Bom, eu imaginei que estaria assim. Afinal, havia chorado rios de lágrimas. Porém, aquelas palavras me pegaram de surpresa, coisa que ele nem percebeu, pois continuou falando...

-Lágrimas, muco e secreções? Que nojento, seu porquinho! - falou com aquele sorriso de comercial de creme dental, outra vez, me fez perder o chão a meus pés. Meus Deuses!

-Ah, besta, chorei todo o líquido da cidade agorinha - falei tentando empurrar de leve seu ombro. Mas, antes que completasse minha ação, fui surpreendido quando ele segurou minha mão com força.

- Nem pense nisso. - Ulisses falou e notei que sua expressão era de uma seriedade inabalável. Deusa, o que eu tentei fazer? Empurrar ele, no que eu estava pensando...? Pensamentos de pânicos rondavam minha cabeça. Ele continuava me segurando com força.

-Ulisses, desculpa, não tive a intenção de te empurrar... - antes que concluísse o pedido de desculpa, Ulisses me puxou e com sua mão livre agarrou minha cintura. Em um movimento intenso nossos corpos se tocaram. Aquilo me causou um arrepio, tremendamente, forte.

O calor que nossos corpos produziam era enorme. A intensidade em que nos encarávamos também. Os lábios de Ulisses começaram um movimento.
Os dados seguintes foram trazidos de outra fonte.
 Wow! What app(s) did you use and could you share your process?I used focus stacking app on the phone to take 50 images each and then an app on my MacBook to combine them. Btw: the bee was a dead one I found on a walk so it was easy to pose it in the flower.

O sobe e desce do lábio superior e inferior me distraiu de tudo. Admirar a beleza dele era algo que não me cansava.
Segundos (que pareceram décadas, não que isso seja ruim) depois percebi que Ulisses tentava dizer alguma coisa. Ele falava, mas as palavras que saiam de sua boca por algum motivo estranho pareciam ser soletradas aos meus olhos. Foi quando comecei a juntas as letras...
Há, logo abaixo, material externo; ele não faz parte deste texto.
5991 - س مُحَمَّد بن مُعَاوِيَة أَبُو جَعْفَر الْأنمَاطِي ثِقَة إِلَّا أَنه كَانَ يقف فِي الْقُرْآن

- E, U, T, E, A... - foi o que consegui entender - OH MINHA DEUSA! - gritei alto, muito alto, quando consegui decifrar as letras formando as palavras.

- O que foi? - ele perguntou assustado e logo mudando para aquele sorriso. - EU TE AMO - ele repetiu.

Todos os sentimentos reprimidos por tanto tempo, queimavam em meu coração como se fossem recentes, o trabalho para trancafiar esses danados não valeram de nada.

Nos beijamos e foi a melhor coisa que aconteceu desde meu nascimento. O beijo foi calmo, doce, revigorante. Repleto de emoções que estavam perdidas, confusas e ao mesmo tempo vivas. Nossos lábios se soltaram com receio, lentamente, tentei colocar todas as  emoções em ordem. Nada de angústia, carência e nem sinal da parte de mim que estava trincada. Tudo havia sumido. Meu mundo estava ali: o hálito de eucalipto, o carinho, a segurança... Tudo! Ulisses novamente a meu lado. Éramos nós outra vez e dessa vez senti que seria para sempre.